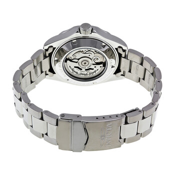 Stainless steel case with a stainless steel bracelet. Uni-directional rotating stainless steel bezel with a black and red (Coke) ion-plated ring. Black dial with luminous hands and dot hour markers. Minute markers around the outer rim. Dial Type: Analog. Luminescent hands and markers. Date display at the 3 o'clock position. SII caliber NH35A automatic movement, containing 24 Jewels, bitting at 21600 vph, and has a power reserve of approximately 41 hours. Scratch resistant mineral crystal. Screw down crown. Skeleton case back. Round case shape. Case size: 40 mm. Case thickness: 14 mm. Band width: 20 mm. Band length: 9 inches. Fold over clasp with a safety release. Water resistant at 200 meters / 660 feet. Functions: date, hour, minute, second. Pro Diver Series. Sport watch style. Watch label: Japan Movt. Invicta Pro Diver Automatic Coke Bezel Men's Watch 9403.
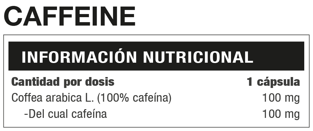 Es una fórmula a base de 100% cafeína en forma natural extraída de la planta Coffea arabica L. CAFFEINE al ser una fórmula natural es una forma fácil y efectiva de tomar cafeína con los efectos naturales y estimulantes que aporta la cafeína para afrontar tanto sesiones de ejercicio físico moderado o intenso. CAFFEINE se presenta en cápsulas de 100 mg de cafeína 100% natural.
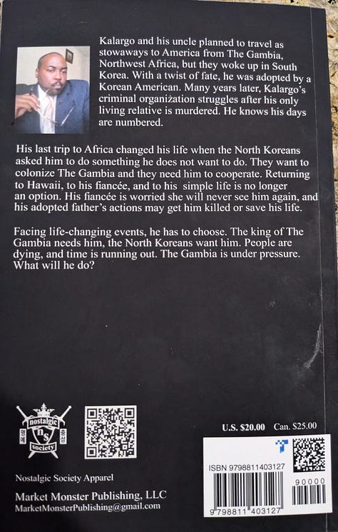 Turns out he was in the US Navy and stationed in South Korea and we talked about that for about five minutes when I asked him if the story was based on any real-world scenarios or total fiction (See the image at bottom right from the back of the book and you’ll see why this was relevant). Having been stationed in South Korea in the US Army as a Korean Linguist and Intelligence Analyst myself, living there for 12 years, I was receptive to the conversation. I don’t normally read a lot of fiction these days, but I thought I’d give it a try and support a fellow Veteran. I figured anyone with enough chutzpah to stand outside an independent bookstore and independently sell your books, keeping all the profit, deserved my attention (and my $20). Apparently, Volume 2 (and I think there is a Vol 3 as well) are already out, so who knows if I’ll enjoy it or not and continue on.
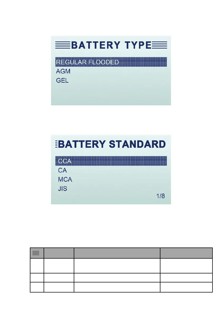 1.2.4 Scroll with the UP or DOWN button to select the battery standard from BATTERY
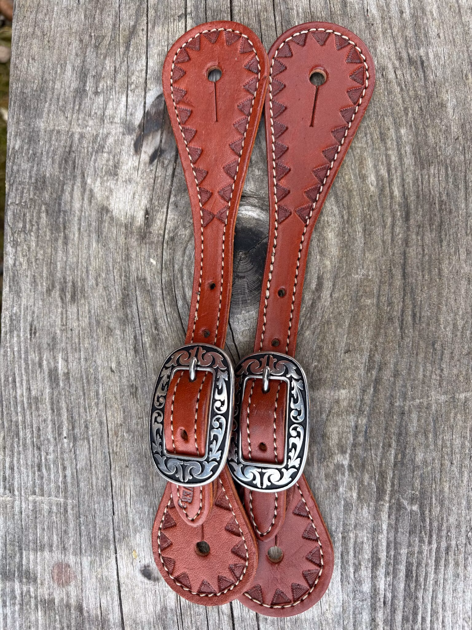 Weaver Youth Hand Tooled Triangle Border Spur Straps Chestnut
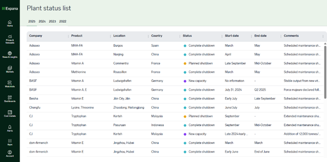 In Expana platform this information can be found under Markets > Animal Feed. You’ll see information presented as a list with collapsible sections, and can click into e.g. Plants > Amino Acid Plants & Projects Map to find the same information as is available in FeedInfo platform.
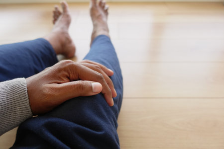 A man sitting in a chair touches his knee, suffers from repeated painful sensations about knee pain associated with the proximal aging process, tendonitis and arthritis, degenerative joint concept.
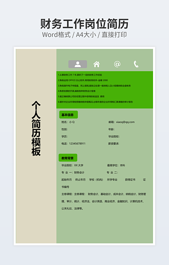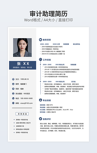 【特殊限制】设计师仅对作品中独创性部分享有著作权,对作品中含有的国旗、国徽等政治图案不享有权利,仅作为作品整体效果的示例展示,禁止商用。 相关关键词: 电算化 会计 简历 优秀
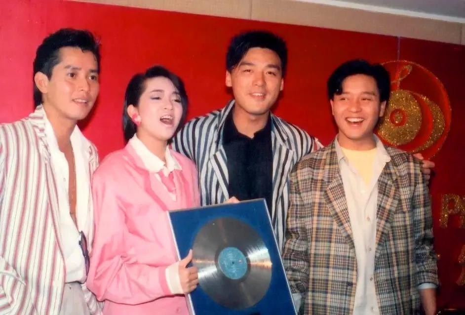 获奖的梅艳芳,旁边除了张国荣,还有校长谭咏麟和钟镇涛。
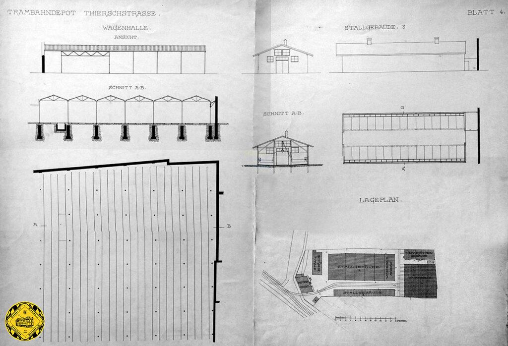 Betriebe 16 Wagen erforderlich sind, eine größere Wagenhalle unumgängliches Bedürfniß, endlich muß ein großes neues Magazin für Heu und Strohvorräte gebaut werden; auch ist für Aufsichtsorgane de Gesellschaft in fraglichem Depot ein Wohnhaus mit 2 Wohnungen zu errichten.“
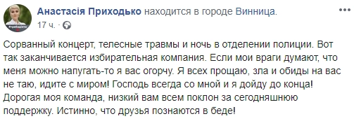 Она также добавила, что вот так для нее заканчивается избирательная компания. «Если мои враги думают, что меня можно напугать, то я вас огорчу», — написала Приходько, заявив при этом, что прощает всех.

★ ★ ★ ★

§ **WHAT NEEDS TO BE DONE**: In the entries above, find the line with "A man sitting" and the line with "Betriebe 16 Wagen". Return exactly those lines and all the ones between them, pictures excluded.

§ **ANSWER SPACE**:
 A man sitting in a chair touches his knee, suffers from repeated painful sensations about knee pain associated with the proximal aging process, tendonitis and arthritis, degenerative joint concept.
 【特殊限制】设计师仅对作品中独创性部分享有著作权,对作品中含有的国旗、国徽等政治图案不享有权利,仅作为作品整体效果的示例展示,禁止商用。 相关关键词: 电算化 会计 简历 优秀
 获奖的梅艳芳,旁边除了张国荣,还有校长谭咏麟和钟镇涛。
 Betriebe 16 Wagen erforderlich sind, eine größere Wagenhalle unumgängliches Bedürfniß, endlich muß ein großes neues Magazin für Heu und Strohvorräte gebaut werden; auch ist für Aufsichtsorgane de Gesellschaft in fraglichem Depot ein Wohnhaus mit 2 Wohnungen zu errichten.“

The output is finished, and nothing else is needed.